Er schob sein Manuskript in die bereitliegende Mappe, und Klaudine packte die Habseligkeiten der kleinen Elisabeth in eine Korbwanne, wobei die dicken Händchen des Kindes nach Kräften behilflich waren.

Zehn Minuten später stand auch dieser letzte Zufluchtsort des Heimatlosen verlassen und er durchschritt, das Händchen seines Kindes in der seinen und die Schwester am Arme führend, den nächsten Korridor.

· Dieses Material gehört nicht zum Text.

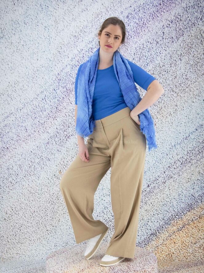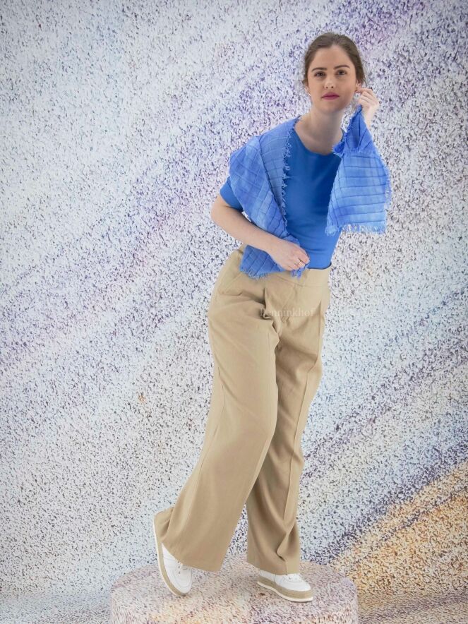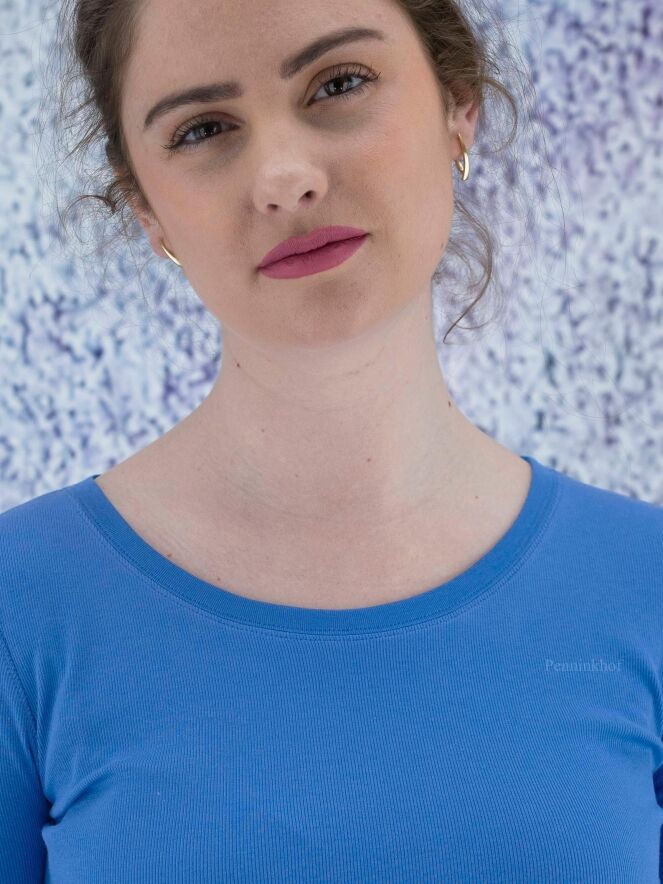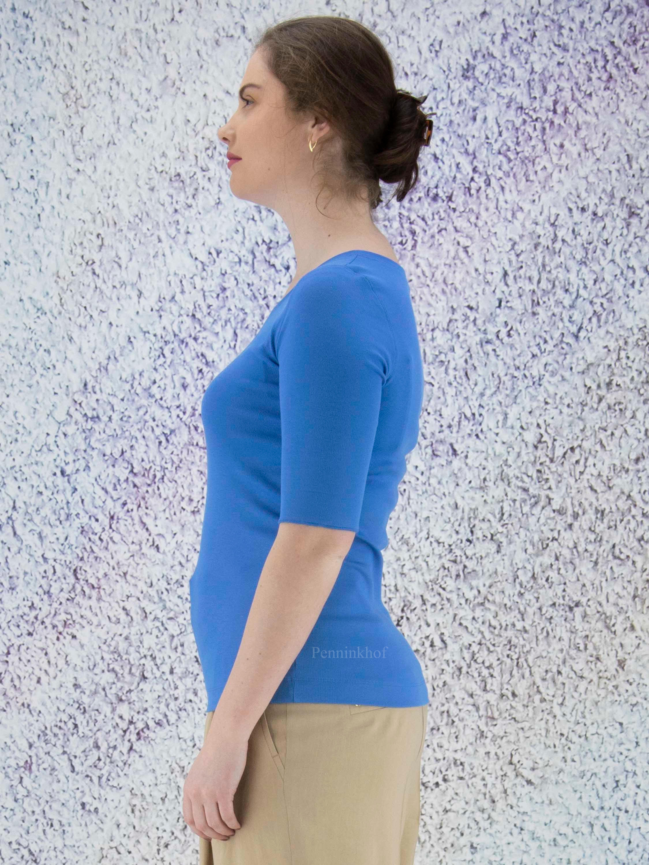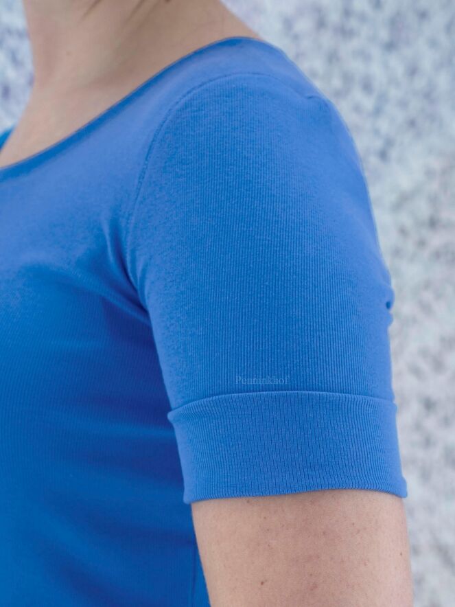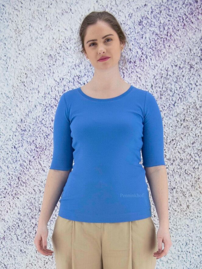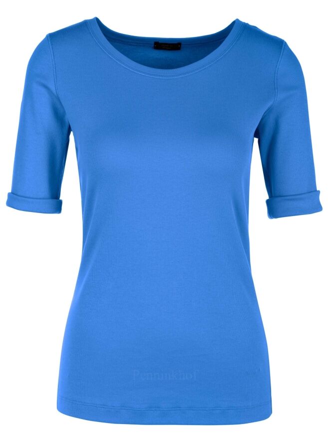 Ein blaues Shirt der Designermode von Marc Cain. Das Shirt hat einen Rundhalsausschnitt und kurze Ärmel mit Umschlag. Dieses Shirt kann bei 30 Grad gewaschen werden.

Ein schöneres Geschwisterpaar ließ sich kaum denken als diese zwei Menschen, die umflorten Blickes zum letztenmal das Vaterhaus durcheilten, das heimische Nest, an dem die Gerolds Jahrhunderte hindurch gebaut und verschönert hatten, und in welches nun fremde Vögel einflogen, Vögel mit goldenen Federn, denn das Gut war um sehr hohen Preis von unbekannter Seite erstanden worden.

2.

Im Treppenhause stießen sie auf eine Dame, die aus dem Seitenflügel kam, in welchem die Versteigerung stattfand. Sie nahm eben, besorgt und sichtlich unwillig vor sich hinmurmelnd, den Saum ihres braunen Kleides auf, denn auf den Stufen lag dicker Staub, den in all den Tagen des lebhaften Menschenverkehrs kein Besen weggefegt haben mochte. Die Röte eines jähen Erschreckens färbte ihr Gesicht, als sie aufblickend die beiden vor sich sah.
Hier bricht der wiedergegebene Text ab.